Best regards  --- Marc





From: hmec...@googlegroups.com [hmec...@googlegroups.com] on behalf of domini...@gmail.com [domini...@gmail.com]
Sent: 07 October 2017 08:18
To: hmecology: Hierarchical Modeling in Ecology
Subject: Re: Extreme RAM usage in multi-species occupancy model

kkellner

unread,
Oct 7, 2017, 10:34:06 AM10/7/17
to hmecology: Hierarchical Modeling in Ecology
Maxwell's solution is better than mine because it should completely get rid of all "unimportant" entries in the array, whereas mine would just reduce them.
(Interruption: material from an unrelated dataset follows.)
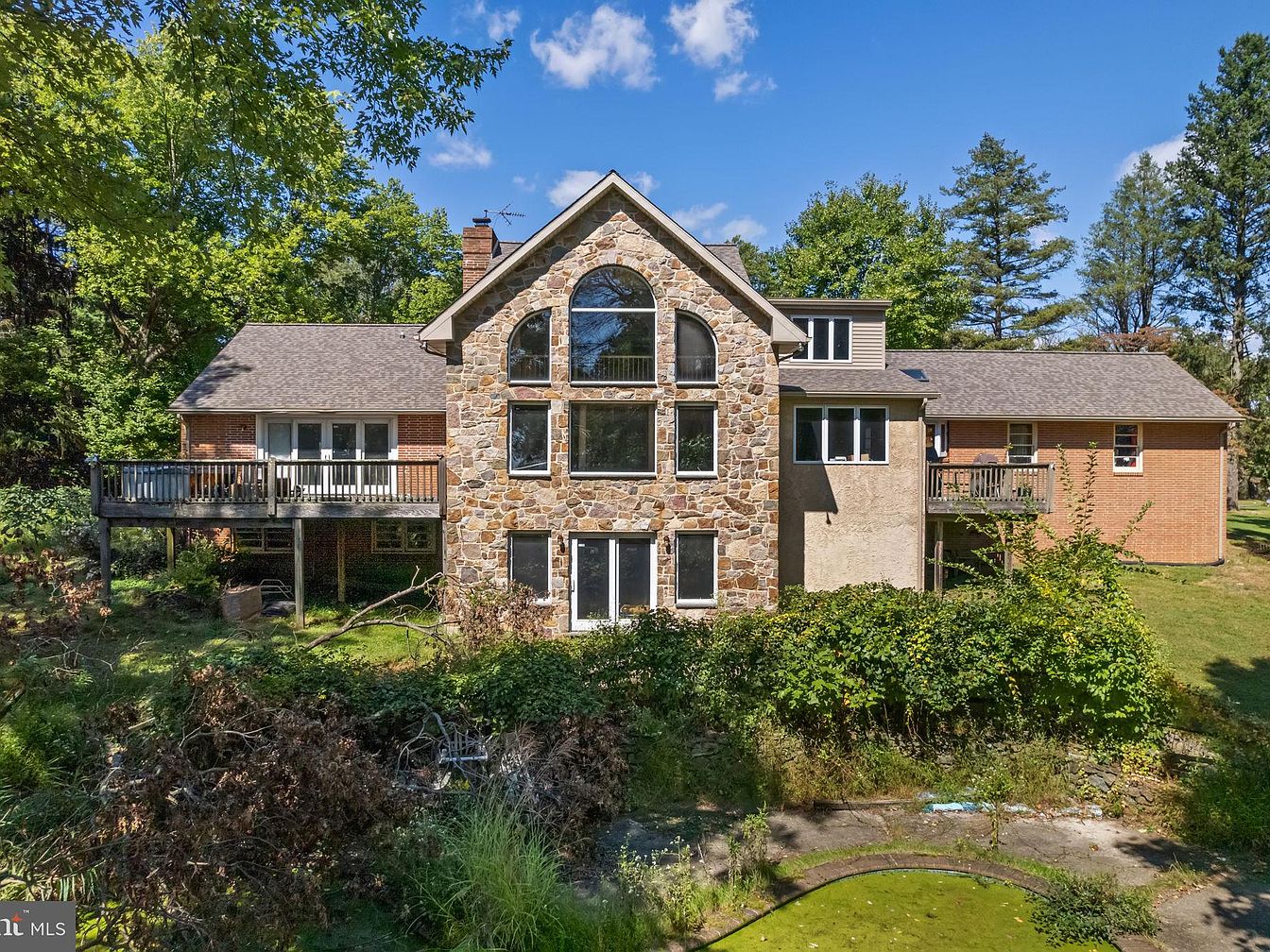The image shows a spacious outdoor view of a historic American home, featuring a unique combination of stone and brick architecture. Prominent is the large stone facade with tall, arched windows that invite natural light, complemented by a contrasting, lower brick structure. A wooden deck extends from one side, providing an outdoor living area, while the surrounding landscape is lush with greenery, including trees and shrubs. The roof is a traditional gable design, harmonizing with the home’s overall aesthetic. The property, partially obscured by overgrown foliage, adds a sense of rustic charm and inviting tranquility.

It might take a bit longer to setup / reformat covariates but given how long the model takes to run it's probably worthwhile!

Ken

Jesse Whittington

unread,
Oct 7, 2017, 10:46:39 AM10/7/17
to Kery Marc, domini...@gmail.com, hmecology: Hierarchical Modeling in Ecology
Another option with ragged arrays is to change the observation data and associated covariates into long format and use indices for species, site.id, and the latent state.  I have not compared speeds to know if it is faster.
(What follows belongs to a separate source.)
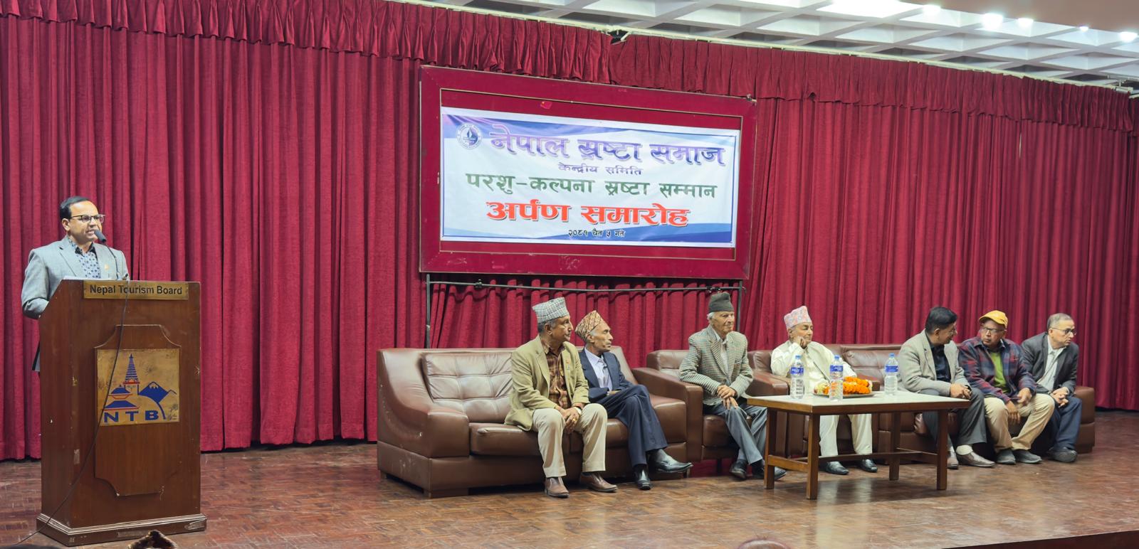 काठमाडौं । परशु-कल्पना स्रष्टा सम्मान-२०८१ द्धारा वरिष्ठ आख्यानकारद्वय गणेश रसिक र ध्रुव सापकोटा सम्मानित भएका छन् । नेपाल स्रष्टा समाजको मंगलबार आयोजित कार्यक्रममा उनीहरुलाई संयुक्त रुपमा उक्त सम्मानद्धारा सम्मानित गरिएको हो । आख्यानकारद्वयलाई जनही ५० हजार १०१ रुपैयाँको राशिसहित सम्मानपत्र प्रदान गरेको हो । नेपाली साहित्यको आख्यान क्षेत्रमा पाँच दशकभन्दा बढी समयदेखि योगदान...

for (i in 1:n.obs){  # loop over all observations that are in long format
  logit(p[i]) <- lp[species.id[i]] + beta1[species.id[i]] * Ju[i] + beta2[species.id[i]]*Hr[i] + beta3[species.id[i]]*Rd[i]
  Y[i] ~ dbern(p[i] * z[sited.id[i], species.id[i]])
}

Jesse

To unsubscribe from this group and stop receiving emails from it, send an email to hmecology+unsubscribe@googlegroups.com.

--
*** Three hierarchical modeling email lists ***
(1) unmarked: for questions specific to the R package unmarked
(2) SCR: for design and Bayesian or non-bayesian analysis of spatial capture-recapture
(3) HMecology (this list): for everything else, especially material covered in the books by Royle & Dorazio (2008), Kéry & Schaub (2012), Kéry & Royle (2015)
---
You received this message because you are subscribed to the Google Groups "hmecology: Hierarchical Modeling in Ecology" group.
To unsubscribe from this group and stop receiving emails from it, send an email to hmecology+unsubscribe@googlegroups.com.
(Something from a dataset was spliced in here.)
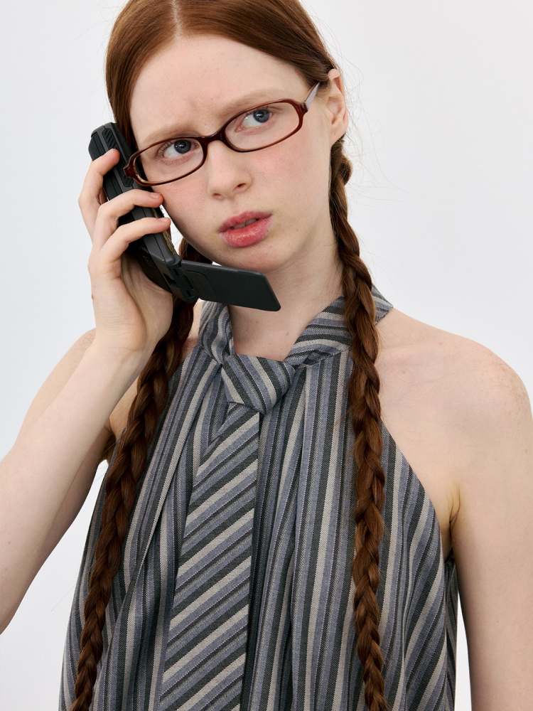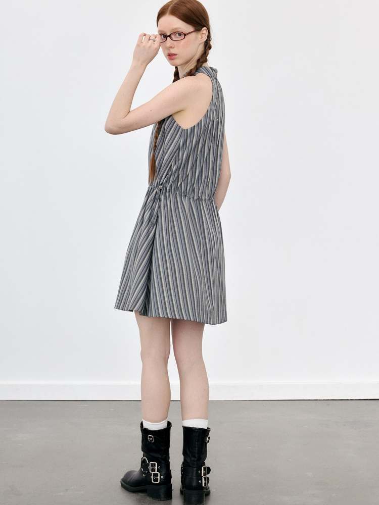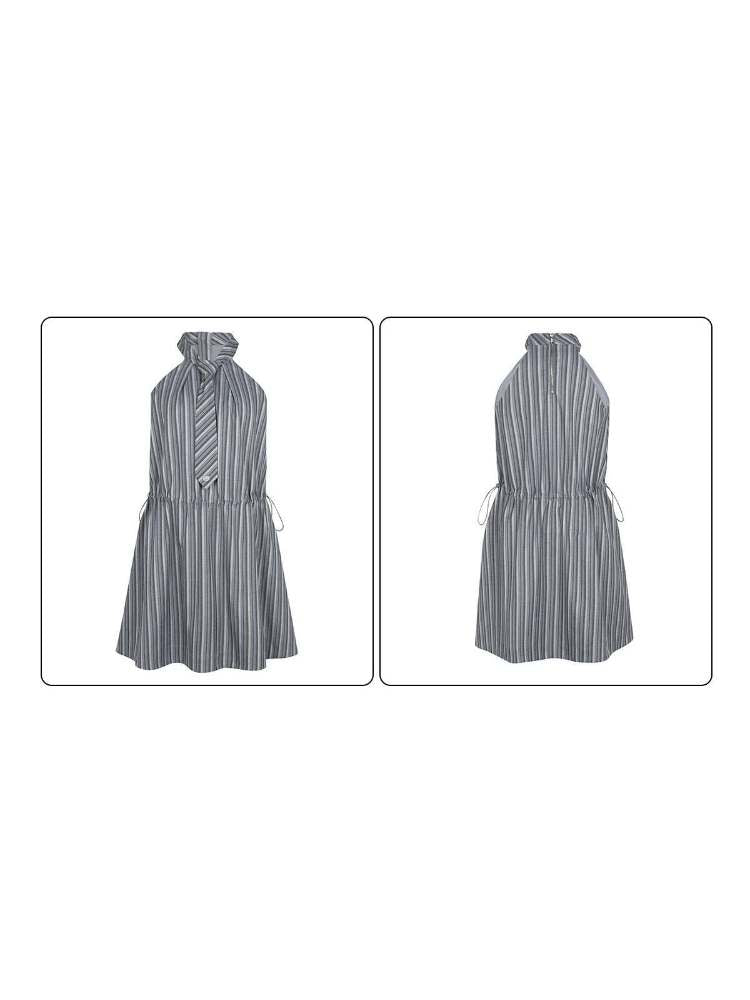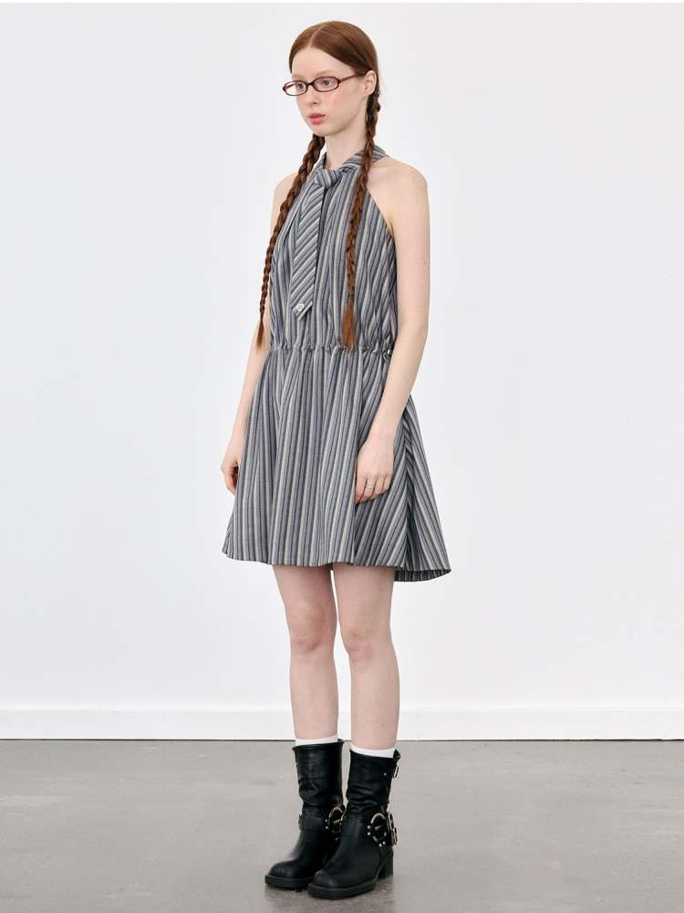 Halter Neck Tie Sleeveless Striped A-Line Dress【s0000008090】

To post to this group, send email to hmec...@googlegroups.com.
Visit this group at https://groups.google.com/group/hmecology.

Morgan Tingley

unread,
Oct 8, 2017, 10:52:03 AM10/8/17
to hmecology: Hierarchical Modeling in Ecology
[This might be a sub-thread]
I am interested that in all of this discussion, no one has mentioned that perhaps Dominic should reduce his dataset?  If your sampling is so unbalanced that your number of replicate surveys varies from 2 to 651, then this can cause problems of its own (not just in run-time). If you have a few rare sites, where the number of repeats is orders of magnitude larger than the median number of repeats, then assuming closure over all of these samples (e.g., closure over 651 samples) may not be valid, and more critically, it may bias the likelihood to be weighted entirely by a few, hyper-visited sites. If closure is equally met across all sites, and some just happened to be hyper-visited, then it might be OK. What I find is far more common in ecology, however, is that closure is relaxed with the more samples you have, so that a site with 2 revisits has a different practical definition of closure than a site with 651 revisits. Closure affects the probability of detection, and so a very unbalanced dataset may have biased detectability probabilities that are being defined entirely by the hyper-visited sites.

How to avoid this? When I've encountered it in the past, I've reduced my dataset either through filtering rules or random sub-sampling. In Dominic's case, if the median number of re-visits is k* (e.g., k* = 10), then I might reduce my hyper-visited sites down to something much closer to k* visits.  This would certainly help with memory and fitting through exponentially reducing the dimensionality of the fitted matrices, but it will also reduce bias in your fitted parameters. This could (should?) also be used if you chose Max's strategy of vectorizing it.

-- 

Morgan W. Tingley

Assistant Professor

Dept of Ecology and Evolutionary Biology

University of Connecticut

Storrs, CT 06269

Dominic Henry

unread,
Oct 9, 2017, 5:10:38 AM10/9/17
to Morgan Tingley, hmecology: Hierarchical Modeling in Ecology
Hi Morgan,

Thanks for your insightful comments. You've raised a valid point and perhaps up until now I haven't devoted enough thought to bias that may be introduced as a result of the temporal structure of my data. To clarify, I'm working with South African bird atlas data. Each site is a 5' x 5' grid cell (pentad) and surveys have been conducted since 2007. Each atlas card that is submitted represents a repeat survey of a pentad. The pentads with a very large number of repeat surveys are situated nearby populated areas, while pentads with low sample sizes are more remote. As it stands I have extracted a 3 year temporal subset to work with. 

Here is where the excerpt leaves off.